● **Supplied information**
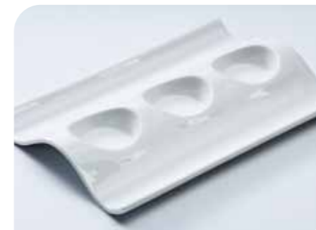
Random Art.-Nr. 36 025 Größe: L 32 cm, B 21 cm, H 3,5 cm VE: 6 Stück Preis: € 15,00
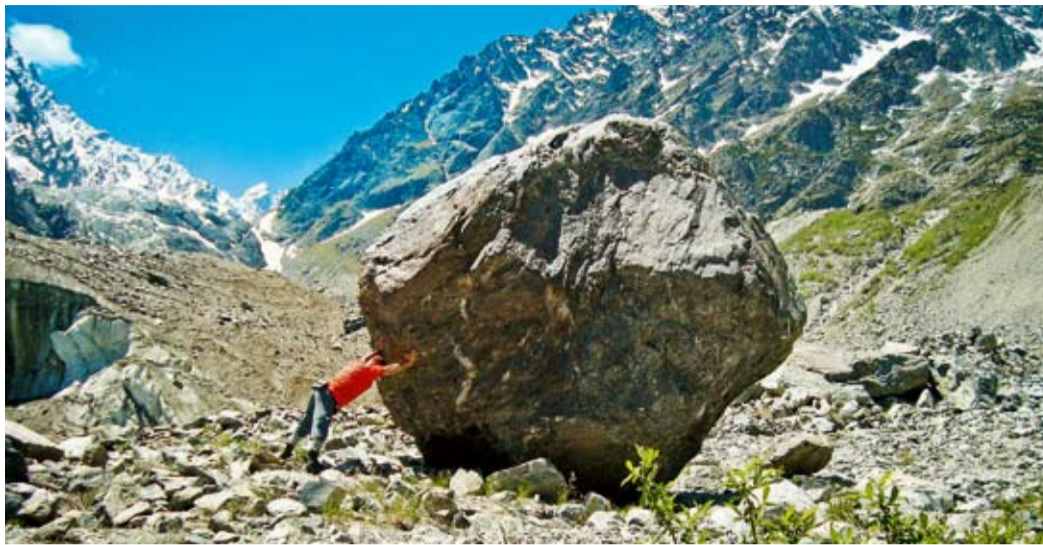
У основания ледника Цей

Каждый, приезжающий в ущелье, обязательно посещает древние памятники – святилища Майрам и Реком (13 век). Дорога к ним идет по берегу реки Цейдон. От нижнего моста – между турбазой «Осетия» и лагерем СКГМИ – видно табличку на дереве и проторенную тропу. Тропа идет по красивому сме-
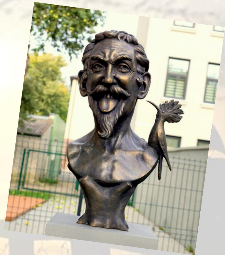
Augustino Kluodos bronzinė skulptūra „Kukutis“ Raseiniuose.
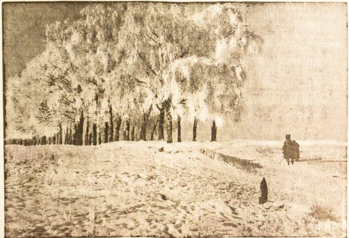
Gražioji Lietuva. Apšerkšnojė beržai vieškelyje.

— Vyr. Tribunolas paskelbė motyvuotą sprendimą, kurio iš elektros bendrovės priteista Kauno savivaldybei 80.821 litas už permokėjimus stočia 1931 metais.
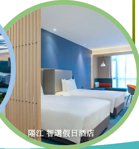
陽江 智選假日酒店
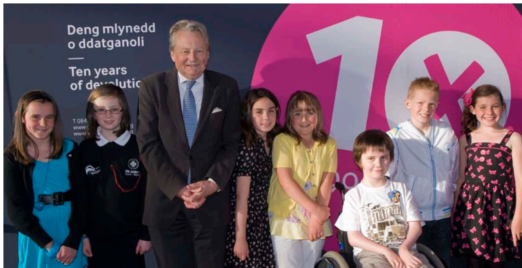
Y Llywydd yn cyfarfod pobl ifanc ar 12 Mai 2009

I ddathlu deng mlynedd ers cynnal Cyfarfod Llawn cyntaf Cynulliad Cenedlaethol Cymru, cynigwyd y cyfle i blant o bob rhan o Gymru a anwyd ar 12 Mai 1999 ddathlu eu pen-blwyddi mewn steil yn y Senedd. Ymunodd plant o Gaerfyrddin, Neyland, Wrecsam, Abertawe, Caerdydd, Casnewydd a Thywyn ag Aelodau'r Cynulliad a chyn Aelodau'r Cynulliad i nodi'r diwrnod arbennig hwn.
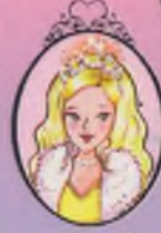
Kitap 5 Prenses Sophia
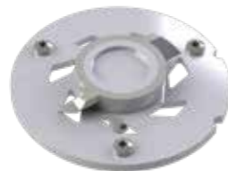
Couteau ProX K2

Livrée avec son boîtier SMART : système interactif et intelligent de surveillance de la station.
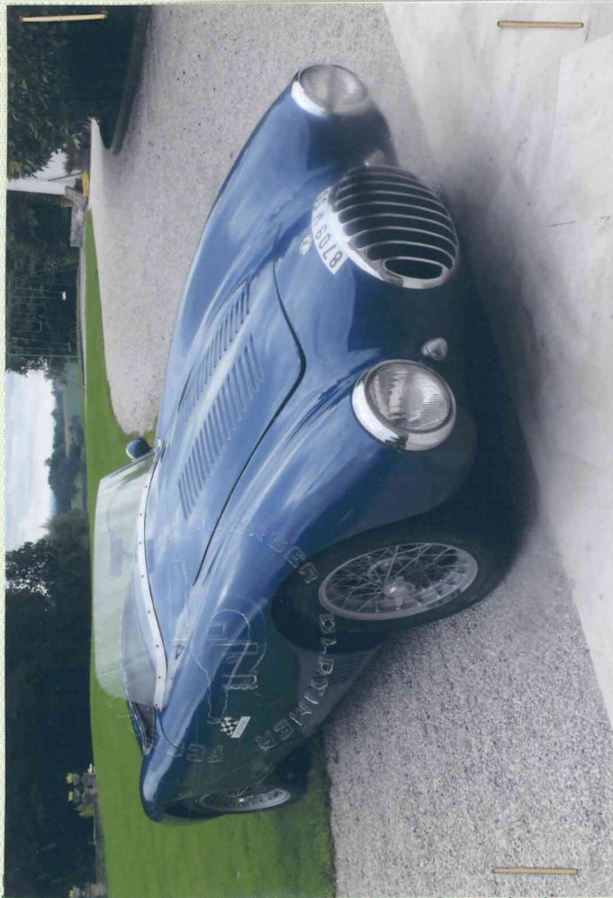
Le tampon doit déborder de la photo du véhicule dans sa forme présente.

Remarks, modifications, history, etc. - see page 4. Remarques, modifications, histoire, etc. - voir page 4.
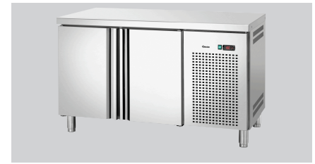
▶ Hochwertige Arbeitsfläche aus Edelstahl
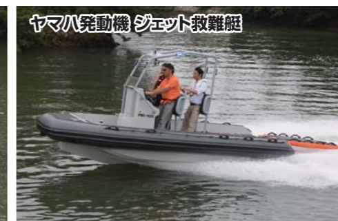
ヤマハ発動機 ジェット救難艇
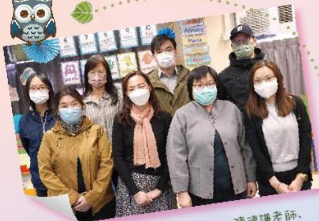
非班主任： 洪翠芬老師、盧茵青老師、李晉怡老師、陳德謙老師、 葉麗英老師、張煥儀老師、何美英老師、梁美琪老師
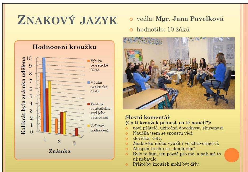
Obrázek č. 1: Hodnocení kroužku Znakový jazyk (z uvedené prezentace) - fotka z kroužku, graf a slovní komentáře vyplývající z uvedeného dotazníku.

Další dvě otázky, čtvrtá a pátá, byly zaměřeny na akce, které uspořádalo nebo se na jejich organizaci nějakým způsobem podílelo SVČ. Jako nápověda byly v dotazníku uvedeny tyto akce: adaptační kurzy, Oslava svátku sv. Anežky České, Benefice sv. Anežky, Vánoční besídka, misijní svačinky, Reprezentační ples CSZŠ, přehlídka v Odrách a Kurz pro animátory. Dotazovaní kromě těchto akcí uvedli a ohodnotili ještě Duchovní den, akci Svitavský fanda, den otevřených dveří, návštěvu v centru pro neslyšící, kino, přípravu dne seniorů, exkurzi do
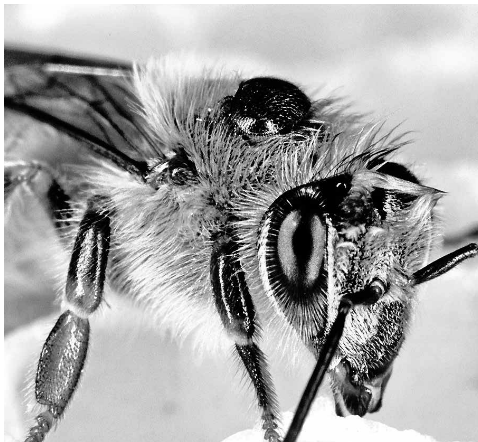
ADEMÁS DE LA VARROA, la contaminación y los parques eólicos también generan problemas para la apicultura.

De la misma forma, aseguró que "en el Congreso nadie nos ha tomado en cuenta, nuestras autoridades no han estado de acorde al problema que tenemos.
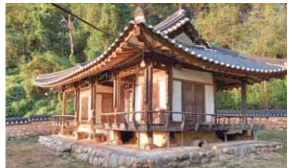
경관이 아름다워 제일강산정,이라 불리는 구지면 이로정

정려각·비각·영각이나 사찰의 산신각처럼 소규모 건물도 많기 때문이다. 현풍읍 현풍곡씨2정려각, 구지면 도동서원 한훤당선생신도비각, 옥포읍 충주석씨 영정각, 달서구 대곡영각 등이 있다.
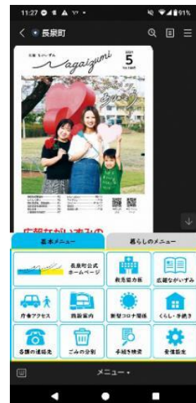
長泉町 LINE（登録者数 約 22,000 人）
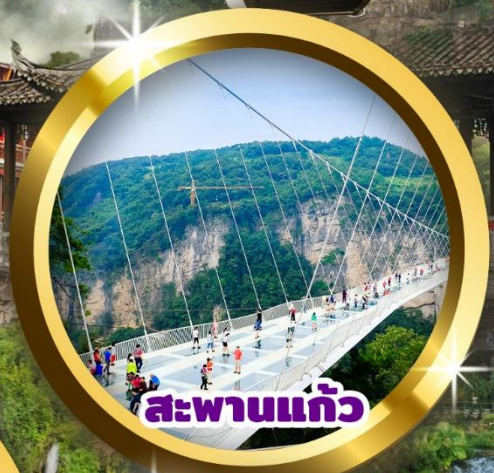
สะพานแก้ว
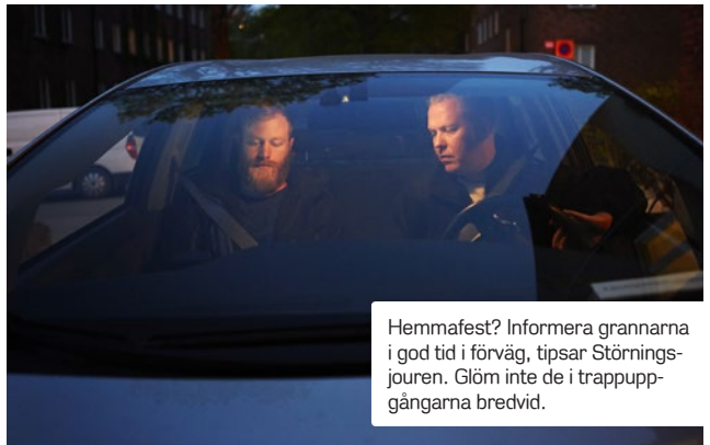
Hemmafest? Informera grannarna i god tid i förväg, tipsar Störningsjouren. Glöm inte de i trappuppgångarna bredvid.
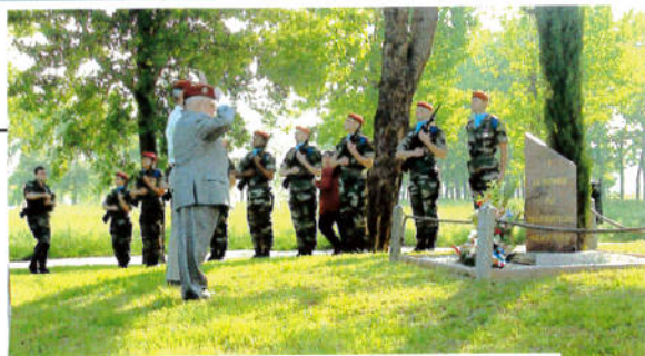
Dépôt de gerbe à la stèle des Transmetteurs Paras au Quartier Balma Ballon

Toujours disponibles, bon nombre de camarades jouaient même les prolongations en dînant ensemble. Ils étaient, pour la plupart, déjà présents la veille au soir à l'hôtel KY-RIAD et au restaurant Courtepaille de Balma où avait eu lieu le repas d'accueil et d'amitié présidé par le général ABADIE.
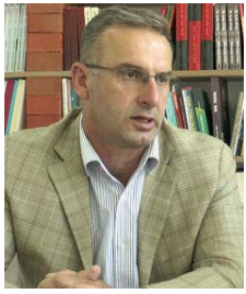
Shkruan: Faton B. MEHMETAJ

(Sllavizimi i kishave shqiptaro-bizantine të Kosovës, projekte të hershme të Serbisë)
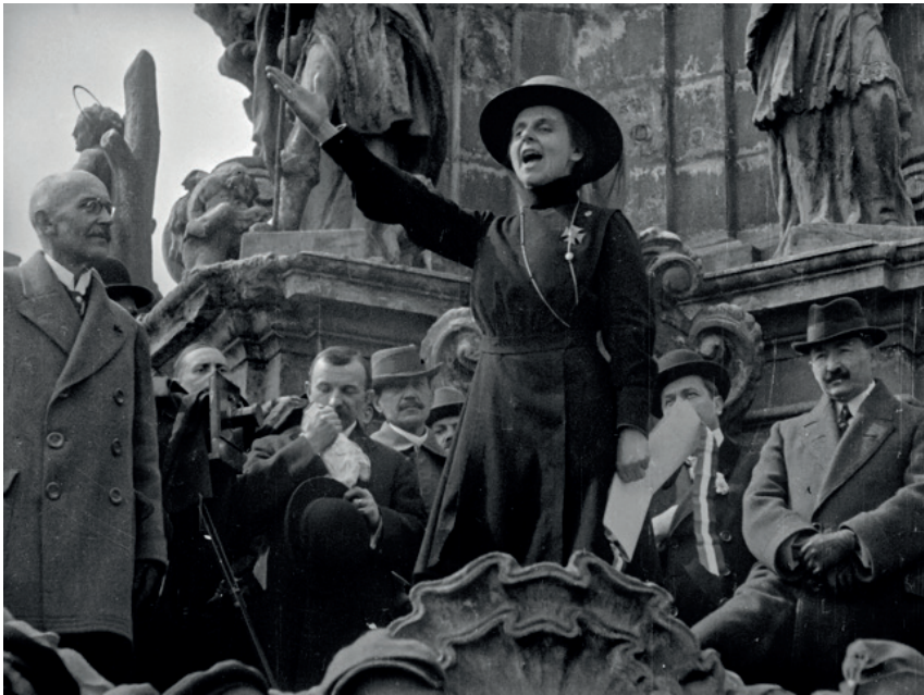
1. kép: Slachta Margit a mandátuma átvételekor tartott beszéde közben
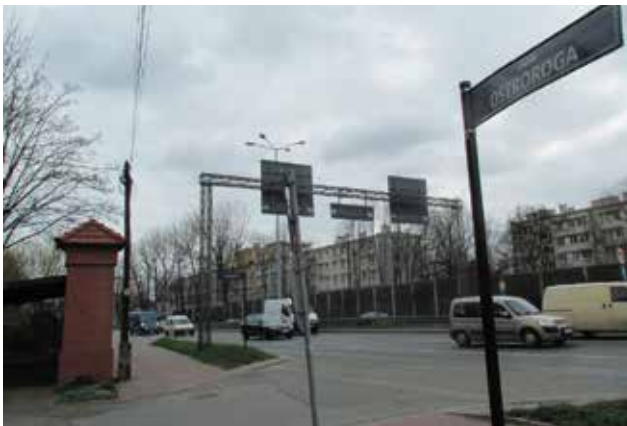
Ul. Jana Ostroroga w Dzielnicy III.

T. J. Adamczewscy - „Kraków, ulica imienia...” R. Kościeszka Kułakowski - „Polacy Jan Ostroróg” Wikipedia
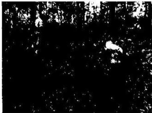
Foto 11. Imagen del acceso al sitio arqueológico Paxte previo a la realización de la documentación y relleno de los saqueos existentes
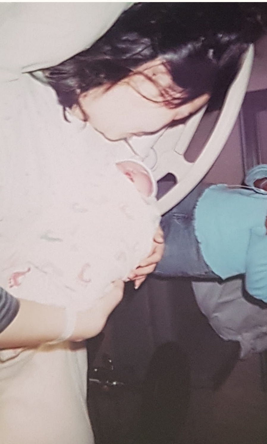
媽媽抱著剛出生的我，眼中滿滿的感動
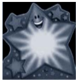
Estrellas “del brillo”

● **Task to complete**
On how many lines of the material does the word "dotazníku" appear? Reply with the number alone.

● **Result of this task**
2